1. People who don't do their jobs - or do them half-assed, leaving the next person in line to do it. I work 2 jobs, and have no time nor patience for having to clean up after the kid who worked the shift ahead of me because he was too lazy to finish his work. :mad::mad::mad:

2. Backstabbers and rumor-mongers. It absolutely amazes me that some workplaces can be such hotbeds of rumor activity and backstabbing. You can't use the bathroom without everyone knowing what you did in there, including consistency and color. (Ok, that's gross, but you get the idea.) A man can't even stop and talk to a woman at her desk, or carpool with her, or sit at the same lunch table ....because the rumors fly and all of a sudden, the rumor-mongers have the two of them having sex at lunch at the nearest hideaway. :doh:

3. Kids who are allowed to be disrespectful to their parents and other adults, or who refuse to listen to their parents - regardless of age. I was raised to respect adults, and have raised my children the same way. My kids would never even think of getting up in my face and screaming at me, back-talking, or refusing to do something that I asked them to do. As I get older, I find that I'm becoming less and less tolerant of disrespectful behavior from kids.

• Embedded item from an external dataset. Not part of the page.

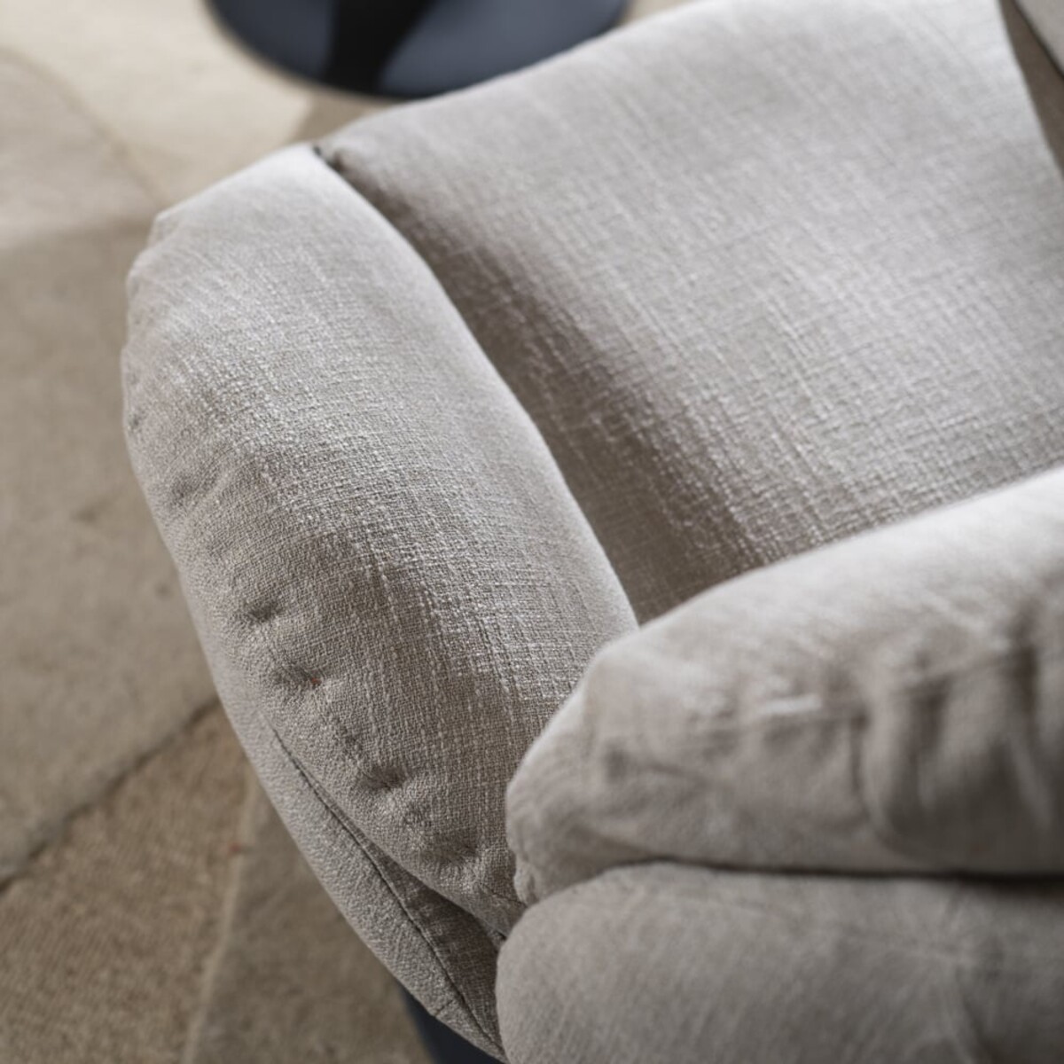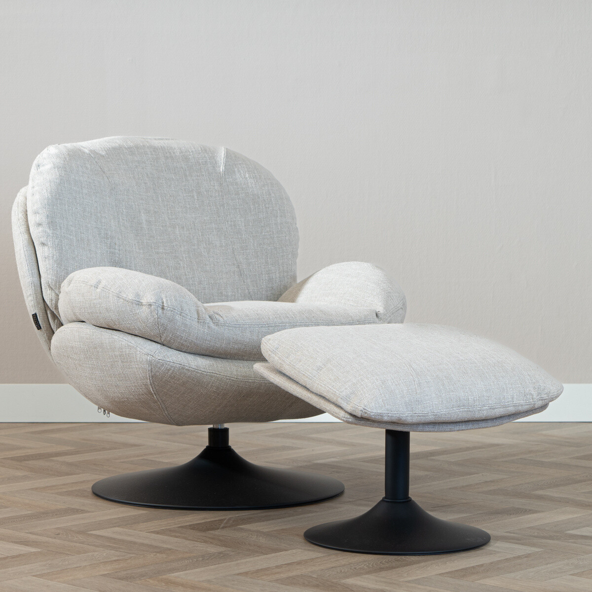 Ontdek ultiem zitcomfort met onze stijlvolle 360 graden draaibare fauteuil Isobel met hocker. Of je nu op zoek bent naar een gezellige leesplek, een chique toevoeging aan je woonkamer of een comfortabele stoel voor je studeerkamer, deze linnen fauteuil voldoet aan al je wensen en biedt de perfecte plek om tot rust te komen. De 360 graden draaifunctie geeft je de vrijheid om gemakkelijk van richting te veranderen, zodat je altijd het perfecte uitzicht kunt vinden.

4. Eggshells in food. I don't know why it is, call it luck, I guess, but if I buy an Egg McMuffin, I will inevitably get an eggshell in my sandwich. Same goes for egg salad sandwiches, or even the chopped hardboiled eggs on the salad bar at work. If I bite into anything containing egg and hear/feel that CRUNCH between my teeth, I'm done - I won't be able to eat the rest of my meal. It almost makes me physically ill.

5. People who don't follow through on promises to kids. This is a big one for me. If you make a promise to a child, keep it - or don't be surprised when the kid resents you later and treats any future promises with skepticism. If you're not sure you can keep the promise, don't make it.